Wheeee
I’m kind of punch-drunk at the moment, so I apologize in advance when this isn’t a very coherent entry.
The Eden project was really lovely. It used to be an abandoned clay pit, and they turned it into gardens and biodomes and lots and lots of plants. And yummy fair trade organic cafes (I managed to get a rice/hummus/tomato chutney/olive-bean-pepper salad). They had a tropics biodome, which concentrated on imports from the tropics, the importance of crop diversity, fairtrade, etc. And a temperate chapparral biodome (yay South Africa and California). And lots of sculptures. And an educational building that was all sustainable and pretty (it looked like a pinecone, or a head of cauliflower or something). So – I had a good time.
Oh – and I saw a St. Piran’s day parade with the local kids (its a Cornish thing). I liked Cornwall a lot. Very cute, english seaside town – sort of what you’d expect (except – in the middle of this one winding cobbly avenue with little houses and pubs, there is this GIANT 3 story geometric house, painted in red with tilted columns, and papyrus murals, and paintings of sarcoghagi (?).
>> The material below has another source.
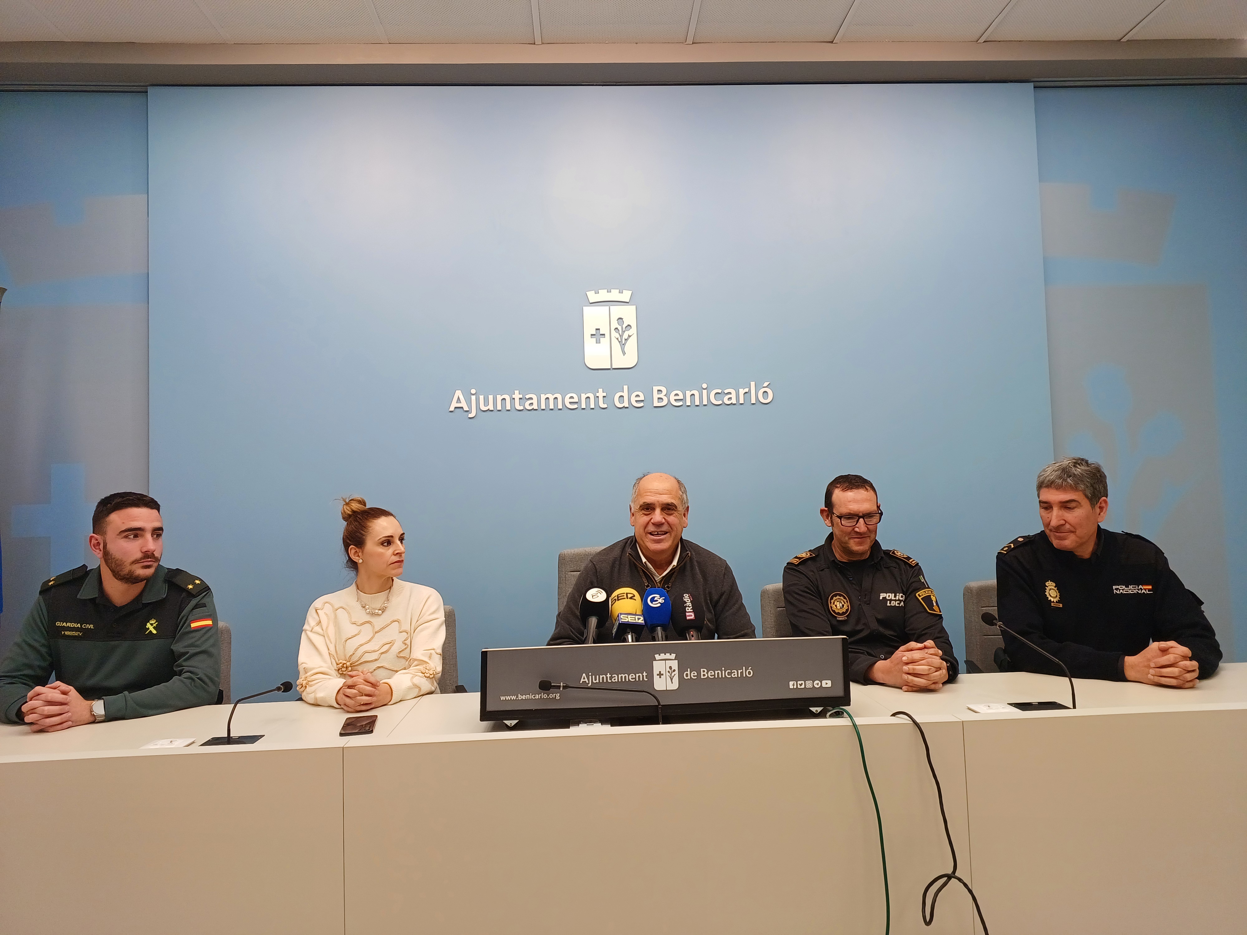 La reunió també ha comptat amb la presència del regidor de Policia i Governació, Fabián Flos, la regidora de Falles, Arantxa García, el regidor d'Agricultura, Borja Castell, el tinent de la Guàrdia Civil a Benicarló, José Manuel Martín, el cap de la Policia Local, Víctor Cheto, i l'inspector en cap de la Policia Autonòmica Fernando Pérez, a més d'altres comandaments de la Guàrdia Civil, Policia Local i Policia Autonòmica.

It’s called the egyptian house. Its weird.)
Then – today? I guess I went to plymouth (right – so – I didn’t care that much about titangel, and the museum in boscastle is closed till easter, and it turns out the Jamaica inn is not near bodmin parkway train station nor bodmin town, but really way the back of beyond, so that’s why I am no longer going those places. Someday when I come back and have a car and it isn’t winter, I guess. I sort of meant to spend more time in Cornwall, but oh well.) So I decided to see the national aquarium in plymouth. Plymouth was very lovely – the main drag was all pedestrian with gardens, and there was a very nice harbor. And a historic distric that was very windy and cobbly. The aquarium was nice (oh – there was no luggage service at the train station and no coat room at the aquarium, so I probably squashed my spine from carrying my whole bag around with me….) They had britains largest/ Europes deepest tank (lots of fish and a couple of sharks, a couple of other good large tanks, and a giant squid (dead – 3.5m without its feeding tentacles). So I sat and watched the fish for a while and then went back to get the bus (trains from plymouth are being worked on). I was going to go to Salisbury, but the hostel was booked up (good thing I called ahead!) so I’m staying in Exeter tonight. Exeter is nice – sort of large. Lots of pretty large architecture, catacombs apparently (by a park I was walking by). I went to a veggie restaurant tonight to splurge (dahl and a warm walnut/artichoke/tofu salad that was to DIE FOR – I miss tofu. I never get to eat it out on the road). Tomorrow I’ll be heading to salisbury to check in at my hostel, and heading up to Glastonbury, which is quite the day of travel for not a long time there, but how can I miss where the grail/ Avalon are suppossed to be? Oh – theoretically the train today passed by dartmoor, but I don’t think I could see it properly from the tracks (it certainly didn’t look as I remember it being described in the hound of the baskervilles…). So tomorrow (knock on wood) glastonbury, and the day after stonehenge/avebury.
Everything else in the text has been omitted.